Leticia recordaba la determinación de él para que ella abortara, y la diferencia con su apariencia de hoy era simplemente abismal.
Algunas cosas ya habían sucedido y simplemente no se podían perdonar.
Leticia subió la ventana del coche, dejó de mirarlo y siguió al auto de Yolanda en dirección a casa.
Israel fue a ver al gatito de nuevo.
En realidad, no tenía la intención de adoptar al gato en un principio, solo quería ayudarlo a recuperarse por Yolanda y luego encontrarle un buen hogar con uno de sus empleados confiables.
Pero ahora, el señor Herrera cambió de opinión.
Aunque todavía pensaba en adoptarlo, no podía llevarlo al apartamento, donde todo pertenecía a Leti y sería terrible si el gato dañaba algo.
Israel miró al gatito.
Sus pensamientos eran incontables.
No quería regresar al apartamento, así que condujo sin rumbo fijo por la ciudad, hasta que al final se detuvo frente al estudio de trabajo de Leticia.
El estudio era iluminado por la noche.
Israel no sabía si ella todavía estaba trabajando o no.
Tendría la respuesta a esa pregunta a la mañana siguiente.
Vio el auto de Leticia acercándose desde la distancia.
Al ver su propio espacio de estacionamiento ocupado, Leticia se sorprendió.

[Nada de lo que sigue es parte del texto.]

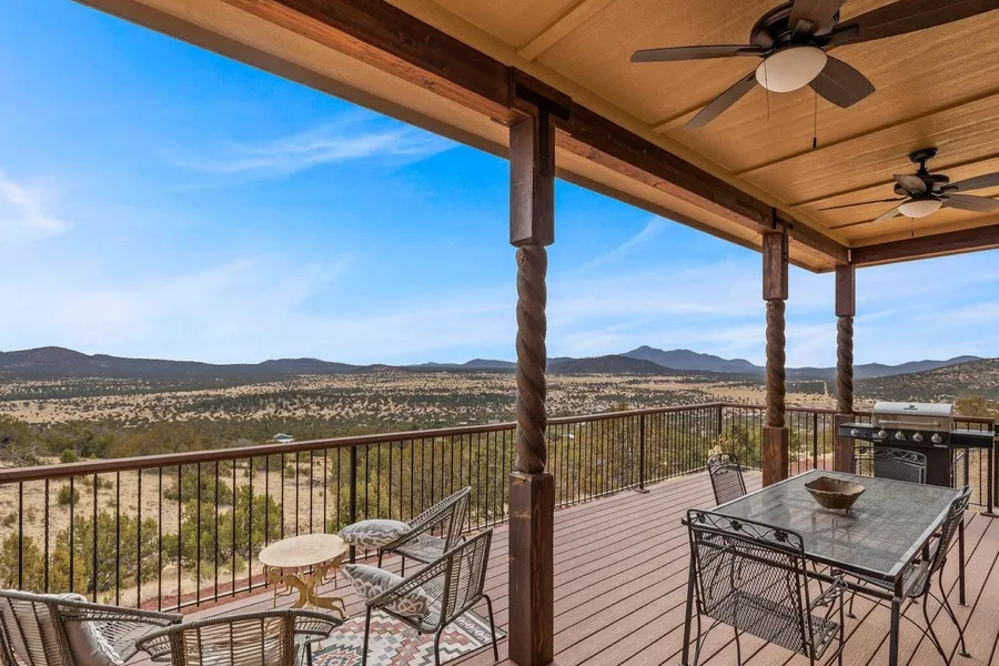 Stunning panoramic views and amazing privacy awaits you! On a 13.73 acre lot this hillside home is bathed with southern exposure! Passive solar can add to your comfort in winter and at 6,900 feet of elevation (with AC) adds to your summer enjoyment. When entering the home, you will be enveloped by natural light and with 22-foot-high ceilings (12-feet in bedrooms) the home feels spacious. Extraordinary details such as concrete flooring, raw edge Mesquite wood fireplace mantle, Granite Moon White countertops in the kitchen, stainless-steel appliances, tons of custom cabinets and beautiful tilework in each bathroom. The exterior is Stucco (synthetic), hand-carved Santa Fe turned wood posts and sunbursts above the windows, clay tiles and metal roof and an absolutely amazing deck for viewing wildlife, Kaibab and BLM National forests. The deck is the perfect place for stargazing, sunrises and sunsets, what great photographs you can take! There are 4 separate RV hookups, one which is in the huge pull-thru garage (11ft high aluminum and Lexan glass doors) park a trailer inside and make a wonderful extra bedroom! This central location is 15 mins to the charming historic Rt 66 town of Williams, 40 mins to the Grand Canyon, 30 mins to Flagstaff and in the middle of all that Northern AZ offers!

Ella salió del auto, se acercó al otro vehículo e intentó ver si la persona al menos había dejado un número de teléfono.
Fue entonces cuando se dio cuenta de que había alguien durmiendo dentro del auto.

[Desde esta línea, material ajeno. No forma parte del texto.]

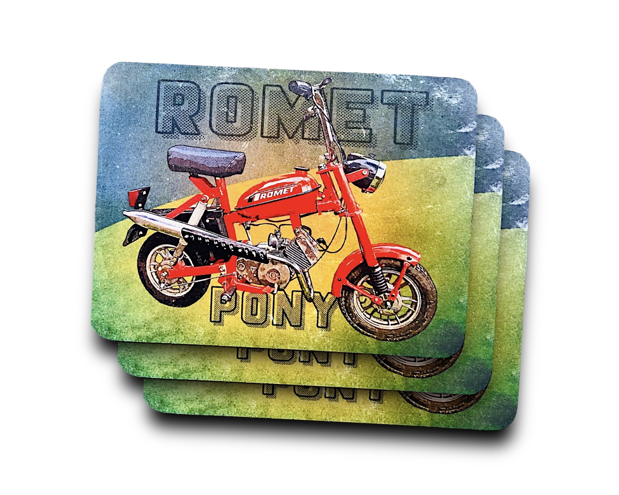 KUBEK W STYLU PRL, WYKONANY W CAŁOŚCI Z METALU Z MALUNKIEM CZERWONEGO POLONEZA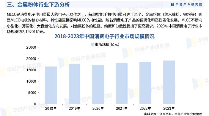 MLCC是消费电子中用量最大的电子元器件之一,每部智能手机中用量可达千余个,金属粉体(纳米镍粉、铜粉等)则是MLCC电极的核心材料,其性能直接影响MLCC的电性能,随着消费电子产品的便携化和高性能化发展,MLCC不断向小型化、薄层化、大容量化方向发展,对金属粉体的粒径、纯度和分散性提出了更高要求。2023年中国消费电子行业市场规模约为19201亿元。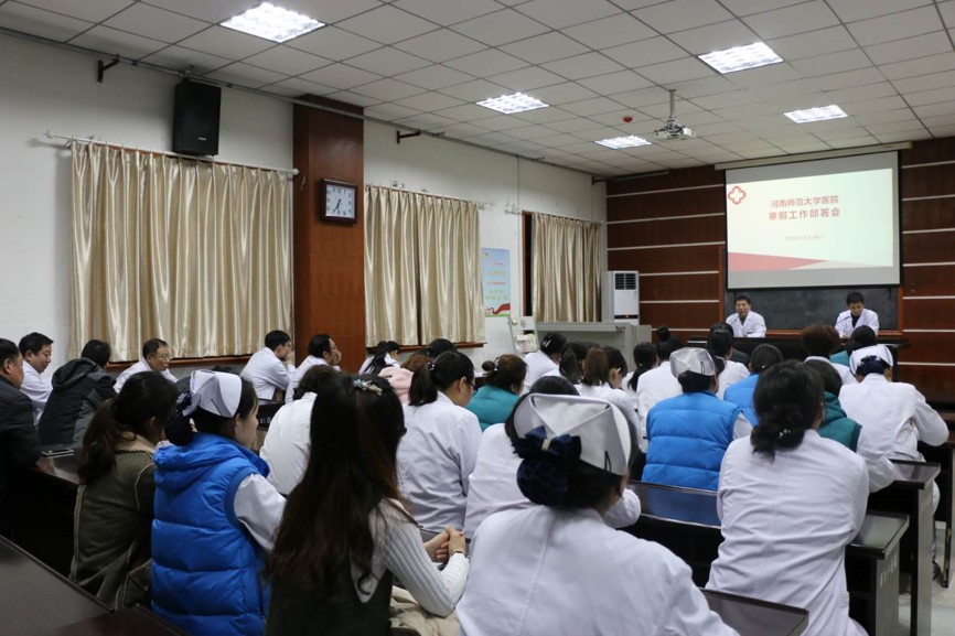 朱院长首先向职工传达了学校寒假工作部署会的精神和要求,强调在寒假期间,大家一定要遵守劳动纪律,强化服务意识,牢固树立全心全意为师生员工服务的思想,为广大师生过一个安全祥和的春节提供保障。朱院长希望大家在假期能得到适当放松和休息的同时,还能谋划一下科室和个人事业未来的发展,为下一学期的工作做好准备。张院长要求全院职工要高度重视、认真做好寒假期间医院的各项安全稳定工作,始终把安全第一放在首位,特别是消防安全和医疗安全,要提高防火意识,严禁违章使用电器,切实做到人走断电,要严格按医疗规范操作,严格执行“三查七对”制度,规范操作流程,确保医疗质量安全。同时提醒大家注意假期期间外出的交通安全和旅行安全。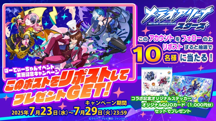 スマートフォン向けハイスピードレイドアクションゲーム『メテオアリーナ・スターズ』が、お笑いトリオ「ぱーてぃーちゃん」とのコラボイベントを2025年7月23日より開催。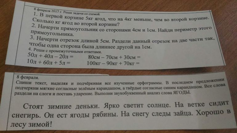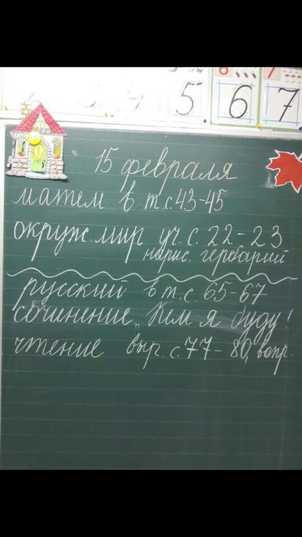 задачи со схемами, тексты обычно больше. Еще к этому пару страничек Петерсон+пара в прописях+окружайка (наклеить фотографии родителей по мере их взросления и рассказать на уроке про профессии)+ по конструированию что-то было. Все остальные уроки были типа труд и физра, поэтому к ним готовиться не надо.😣 Урааа! Каникулыыы!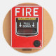 Photo d'une poignée d'alarme incendie rouge montée sur un mur en bois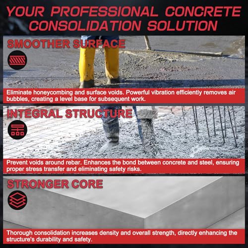 Ideal for Multiple Concrete Applications: Perfect for tamping poured ring beams, concrete pedestals, and foundations, this cement vibrator removes air pockets, enhancing concrete density and saving material. It ensures an even pour over rebar, improving the overall strength of your structure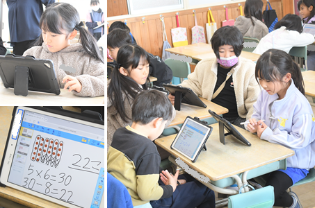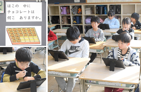 箱の中に入っているチョコレートの数を数えます。数のまとまりに目をつけて、かけ算を上手に使いながら求めています。いろいろな考え方がありますが、答えはみんな同じになりますね。

Se acercó a la ventana y golpeó suavemente varias veces.
La persona dentro se despertó rápidamente y cuando bajó la ventana, él miró con desagrado al mismo tiempo que Leticia y él se sorprendían.
"¿Por qué tú?", preguntó Leticia frunciendo el ceño.
La cara de Israel no se veía muy bien, y tenía una mano sobre su estómago, con una expresión de dolor.
"Estaba pasando, me sentía mal y me detuve por un momento, ya me voy", dijo Israel, frunciendo más el ceño, como si estuviera en terrible dolor.
"Llama a un conductor", sugirió Leticia con el ceño fruncido. "No puedes conducir en ese estado".
Rápidamente miró hacia atrás solo para ver que él había chocado su auto contra una pared. La pared estaba destrozada y la mitad del auto de Israel estaba destruido.
"¡Israel!". Leticia exclamó horrorizada.
Corrió hacia el auto sin pensarlo.
El humo salía del capó y el bolsa de aire ya había sido activado en el asiento del conductor. Israel tenía la cabeza llena de sangre y estaba inconsciente.
Leticia sintió un escalofrío.
Afortunadamente, Israel no había asegurado las puertas del auto.
Después de abrir la puerta, desabrochó el cinturón de seguridad de Israel y, gritando su nombre, lo arrastró fuera del auto.
Ella arrastró a Israel lejos del vehículo.
Luego, rápidamente examinó sus extremidades: sus brazos no estaban rotos, ni tampoco sus piernas, aparentemente estaba bien.
¿Qué pasa con las heridas internas y su cabeza?
¡Después de todo, él ya había estado en coma antes!